I think this should be a pair of functions some variation of to_naive and from_naive

  • Expr.dt.to_naive(tz: pl.Expr) would return the local time as per the given timezone for each column, resulting in a pl.DateTime(..., time_zone=None)
  • Expr.dt.from_naive(naive_tz: pl.Expr, out_tz: str) would accept a column of datetimes with a None timezone, where each timestamp is assumed to be in the format by naive_tz and converted to a pl.DateTime(..., time_zone=out_tz)

i.e.:

new_column = pl.col('ts').dt.to_naive('time_zone')

ts                | time_zone | new_column
---------------------------------------------------------------------
datetime[us, UTC] | str       | datetime[us]
2020-01-01 +0200  | Amsterdam | 2019-12-31 23:00:00
2020-01-01 +0300  | Kathmandu | 2020-01-01 02:45:00

and

new_column = pl.col('ts').dt.from_naive('time_zone', 'UTC')

ts                  | time_zone | new_column
---------------------------------------------------------------------
datetime[us]        | str       | datetime[us, UTC]
2019-12-31 23:00:00 | Amsterdam | 2020-01-01 +0200
2020-01-01 02:45:00 | Kathmandu | 2020-01-01 +0200
ion-elgreco commented 11 months ago

@MarcoGorelli ah nice one, then we go both directions. Alright, I will add the other one as well.

I still find naive not saying much imho then I think your naive_local is more clear than if we want to mention naive

MarcoGorelli commented 11 months ago

I still find naive not saying much imho then I think your naive_local is more clear than if we want to mention naive

I think to_local_datetime is fine too, the comment was just to demonstrate the pair of functions

I'd suggest naming it like that if you prefer it, we can always do a final function name bikeshed before shipping it 😄

ion-elgreco commented 11 months ago

@MarcoGorelli is it okay to change the python expr naming only or should it be consistent across the rust and python API?

MarcoGorelli commented 11 months ago

probably best to be consistent

stinodego commented 10 months ago

I like the functionality this adds, but it also overlaps with the existing functionality, which can be confusing.

to_naive(None) would be the same as replace_time_zone(None).

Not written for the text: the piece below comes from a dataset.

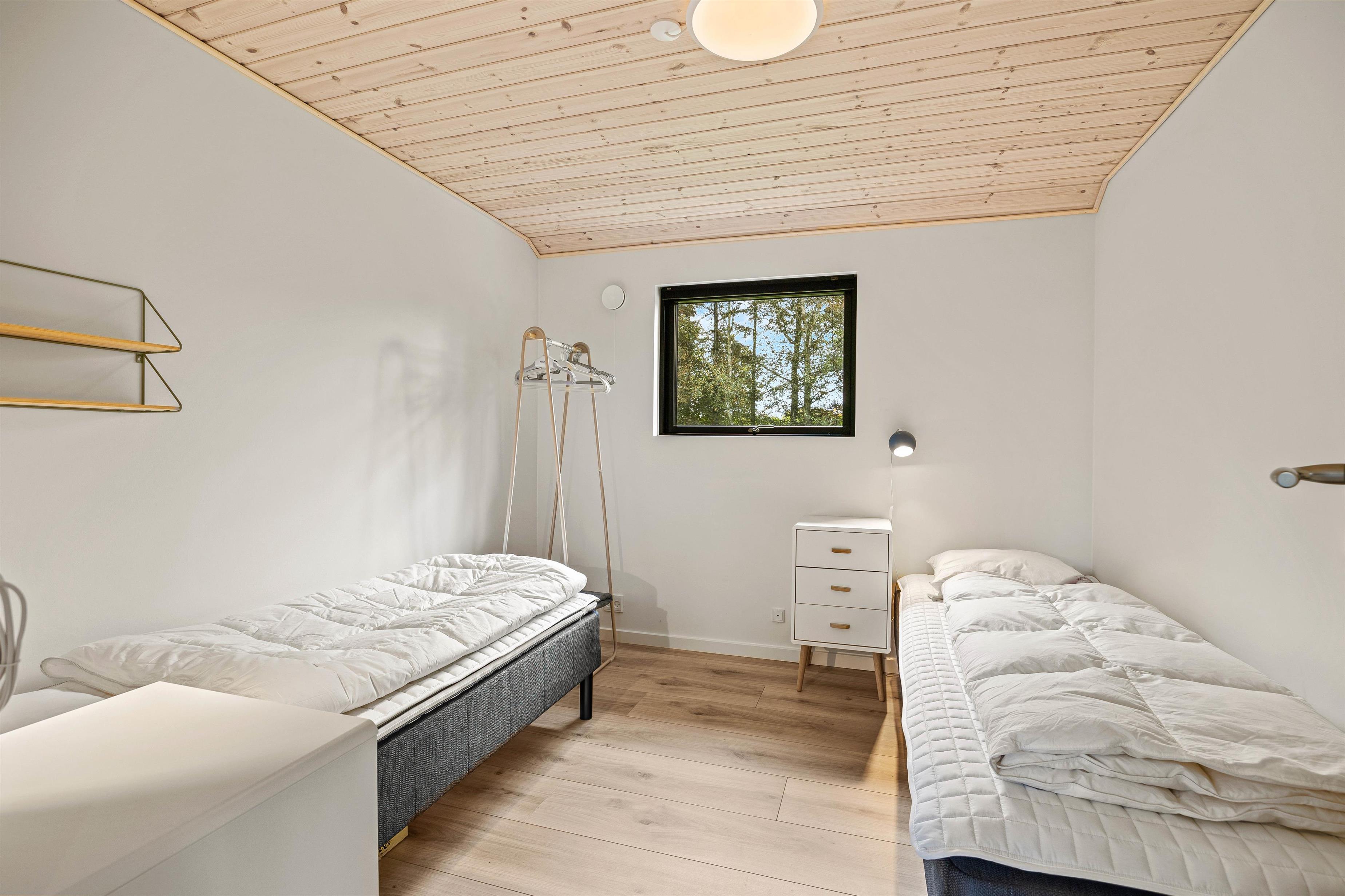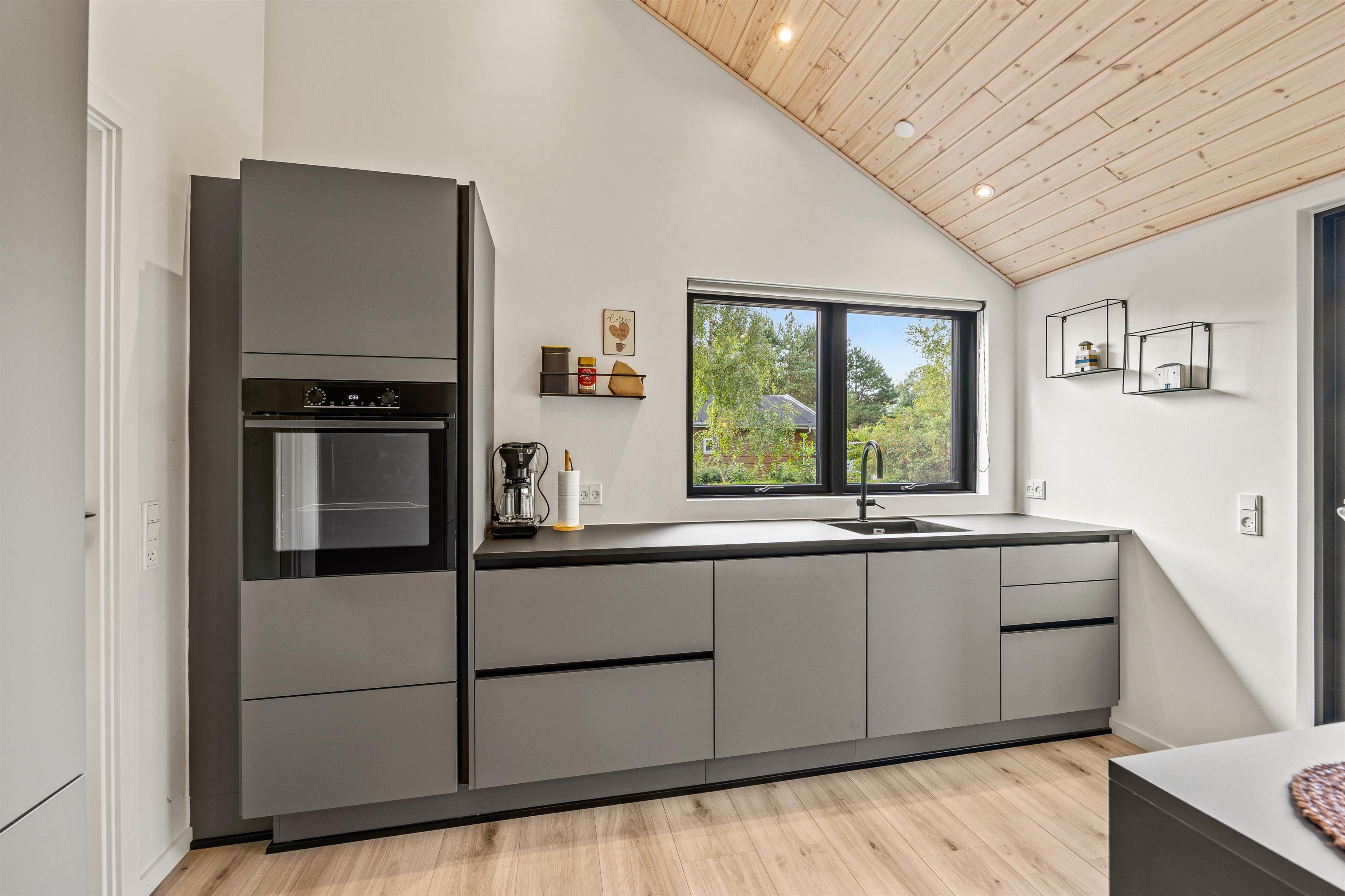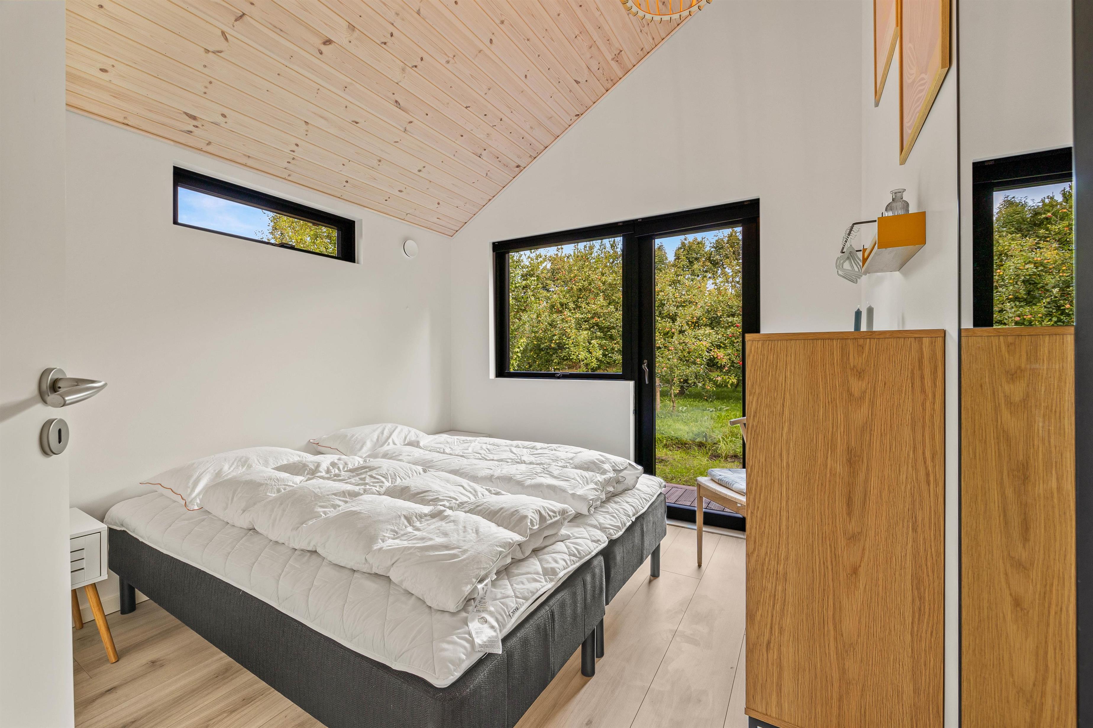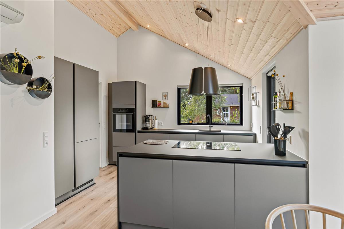 This holiday home accommodates up to 6 guests and 1 dog for an unforgettable holiday in stylish, modern surroundings - whatever the season. The subtle colours, numerous large windows and comfortable furniture create a beautiful spacious atmosphere. The large kitchen area allows you to spend time together, whether separately or sharing cosy moments. Prepare ingredients for a delicious barbecue, play board games at the dining table or settle down on the sofa with your favourite series, all while the warmth and comfort from the wood-burning stove spreads throughout the room. From the family room, you can access the loft where older children will love sleeping in their own little den. Here you'll find two single mattresses (90 x 200 cm).

And from_naive(None, tz) would be the same as replace_time_zone(tz).

With regards to naming, maybe it can be called remove_time_zone/add_time_zone. That makes it clear it's about time zones and that it the input/output will be tz-aware/tz-naive or vice versa. The additional time zone expression can me thought of as "according to this time zone". Also gels well with the existing methods.

ion-elgreco commented 10 months ago

@stinodego I would say that's a small overlap :) Both target different use cases

Regarding the naming, we are not only removing or adding a timezone. We rather do convert to TZ and then replace TZ with None, and the other way around. Only saying remove or add doesn't make that entirely clear and could give different impressions of what it does.

From all the options my preference would go to the to/from_naive_local_datetime

stinodego commented 10 months ago

@MarcoGorelli any input on the naming of these functions? I find it hard to decide. In your presentation at pydata, you made a crystal clear case for when to use replace_time_zone vs convert_time zone. I feel like adding these two new methods makes things a bit muddy.

I'd like to look at the 4 method names and know what they do immediately. Maybe they shouldn't be separate methods but parameters instead? I'm not sure. Input is appreciated.

MarcoGorelli commented 10 months ago

I'm honestly not sure - you're right that it's gone from "2 clear and distinct functions" to "4 functions with some overlap"

I'm tempted to say that there two new ones could be in a Polars plugin instead, so that Polars only has the most commonly used time zone functions (and they can remain simple and clearly named), and the relatively less common case of converting from multiple time zones can be handled there?

Maybe I could rename polars-business to polars-tse (Polars Time Series Extras) and we put this in?

ion-elgreco commented 10 months ago

@MarcoGorelli happy to migrate it to your plugin

stinodego commented 10 months ago

Thanks guys. I'll be closing this then!